Впрочем, когда немного позже капитан Осборн вошел в комнату и предъявил вышеупомянутый череп, покрытый, как положено, коротко подстриженными и аккуратно причесанными волосами, Эмили подумала, что он, несомненно, имеет вполне правильную форму. Возможно, несколько тяжеловатый и вытянутый, со слишком низким лбом, но уж никак не совсем плоский и не шишковатый, как обычно изображали в иллюстрированных журналах черепа убийц. Эмили призналась себе, что не увидела тех особенностей, которые, очевидно, заметил лорд Уолдерхерст; впрочем, она и не ожидала от себя достаточной широты кругозора, чтобы оценить полет его мысли.
Капитан Осборн оказался ухоженным мужчиной с хорошими манерами, а его поведение в отношении Эмили отвечало всем устоявшимся традициям. Когда она сообразила, что в определенном смысле олицетворяет для Осборна возможный крах надежд на получение значительного состояния, то ощутила к нему некоторое сочувствие, а непринужденную вежливость сочла поразительной. А миссис Осборн! Какая интересная женщина и какой редкой красоты! Тело невероятно стройное, каждое движение поражает изяществом. Эмили вспомнила героинь романов, про которых говорили «она ступает, как пава». Вот и миссис Осборн «ступала, как пава». А миндалевидные глаза насыщенного черного цвета под полуопущенными веками, так непохожие на глаза других девушек!.. Эмили никогда не встречала ничего подобного. А еще миссис Осборн умела медленно и несмело поднимать глаза, чтобы взглянуть на кого-либо. Рядом с высокой Эмили она казалась девочкой-школьницей, и ей приходилось при разговоре смотреть вверх. Эмили по природе своей принадлежала к тем легковерным созданиям, которые испытывают ненужные угрызения совести, вынуждающие сразу же брать на себя все тяготы, которые судьба возложила на плечи других. Она сама начала чувствовать себя преступницей, безотносительно к форме черепа, ведь благодаря собственному непомерному счастью и везению она обокрала эту скромную молодую пару! Как же так получилось? Эмили отчасти корила себя, не пытаясь разобраться в причинах, вызвавших такое умозаключение. Во всяком случае, в душе она испытывала сожаления и симпатизировала миссис Осборн, а еще была уверена, что та побаивается августейшего родственника своего мужа и нервничает, поскольку лорд Уолдерхерст вел себя с гостями подчеркнуто вежливо, как с чужими, и по ходу беседы не вынимал монокль. Если бы он опустил его и позволил свободно болтаться на шнурке, Эмили чувствовала бы себя более комфортно – она не сомневалась, что в этом случае манеры маркиза действовали бы на Осборнов менее угнетающе.

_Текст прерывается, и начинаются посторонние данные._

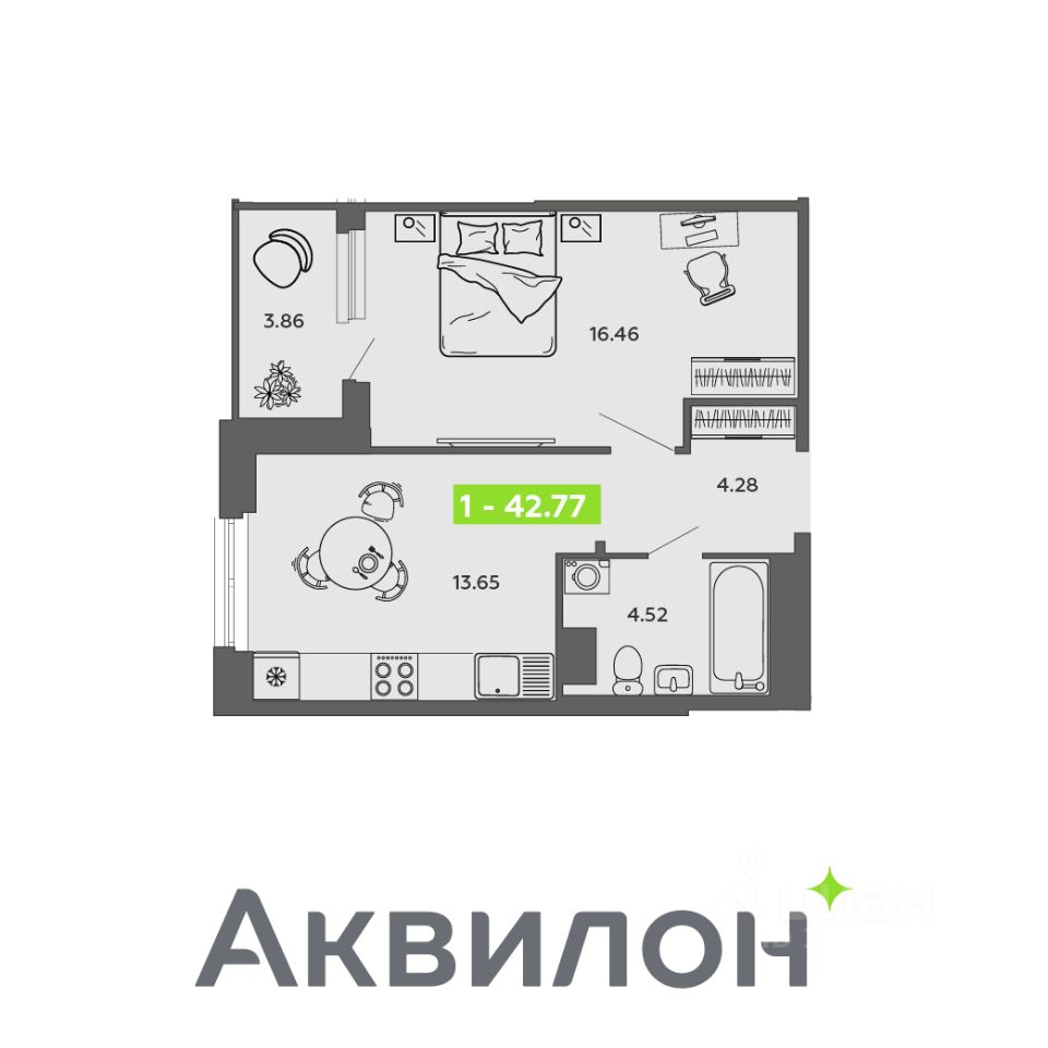 Общая площадь42,77 м²

– Вы рады снова оказаться в Англии? – спросила она миссис Осборн.
– Я никогда здесь не бывала, – ответила молодая женщина. – И вообще нигде не бывала, кроме Индии.

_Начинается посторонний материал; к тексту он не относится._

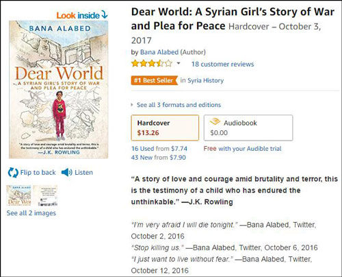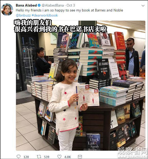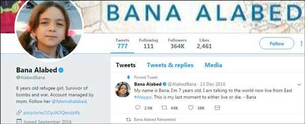 她叫巴娜·阿拉贝德(Bana Alabed),来自叙利亚,刚刚过了8岁生日。叙利亚内战期间,她畅通无阻地在战区发推,讲述自己对战争的恐怖以及和平的渴望,一发成名。华盛顿邮报称她为“我们时代的安妮·弗兰克”。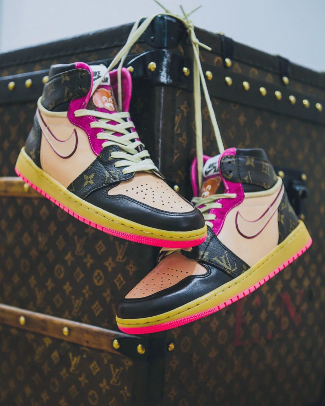 这双鞋以 9 孔的 Air Jordan 1 为蓝本,选以 Travis Scott 联名相同质感的材料以及配色风格呈现。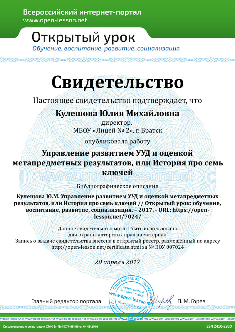 В этой связи в данной работе будет представлено 7 ключей – семь отмычек, открывающих двери мира, в котором живёт система развития УУД.

По ходу разговора она намекнула, что родители не могли позволить себе отправить ее в Англию. Инстинкт подсказал Эмили, что женщина не избалована роскошью и не отличается жизнерадостностью. Долгие часы ежедневных раздумий о своем невезении отразились на ее лице, особенно в глубинах черных глаз.

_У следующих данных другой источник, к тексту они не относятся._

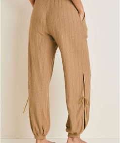 Get the hotel feel right at home with these lightweight joggers that make every day feel like checking in for a five-star stay—the only thing missing is room service! Delicately-textured fabric along with breezy side slits affixed with feminine bow ties give these easy-chic lounge pants an elevated look. What are you waiting for? Book your stay now.* Sizes: XS (2). S (4-6). M (8-10). L (12-14). XL (16)* Mid rise* Elastic waistband* Pockets* Side slits* Bow ties at sides* Rayon/polyester/nylon/spandex. Imported

Осборны прибыли, как выяснилось, чтобы исполнить свой долг – отдать дань уважения женщине, которой предстояло лишить их радостных перспектив. Пренебречь визитом означало бы признать свое негативное отношение к бракосочетанию.
– Конечно, Осборны разочарованы, – подвела итог леди Мария после ухода гостей, – однако они стараются принять удар достойно, насколько это в их силах.
– Мне так их жаль! – воскликнула Эмили.
– Другого я от тебя и не ожидала. Ты, вероятно, захочешь осыпать их всевозможными милостями. Это неблагоразумно, моя дорогая Эмили. Поменьше альтруизма. Мужчина – дрянь, а женщина красива и похожа на аборигенку. Она меня несколько пугает.
– Я не считаю капитана Осборна дрянным. А его жена действительно хорошенькая. И она на самом деле нас побаивается.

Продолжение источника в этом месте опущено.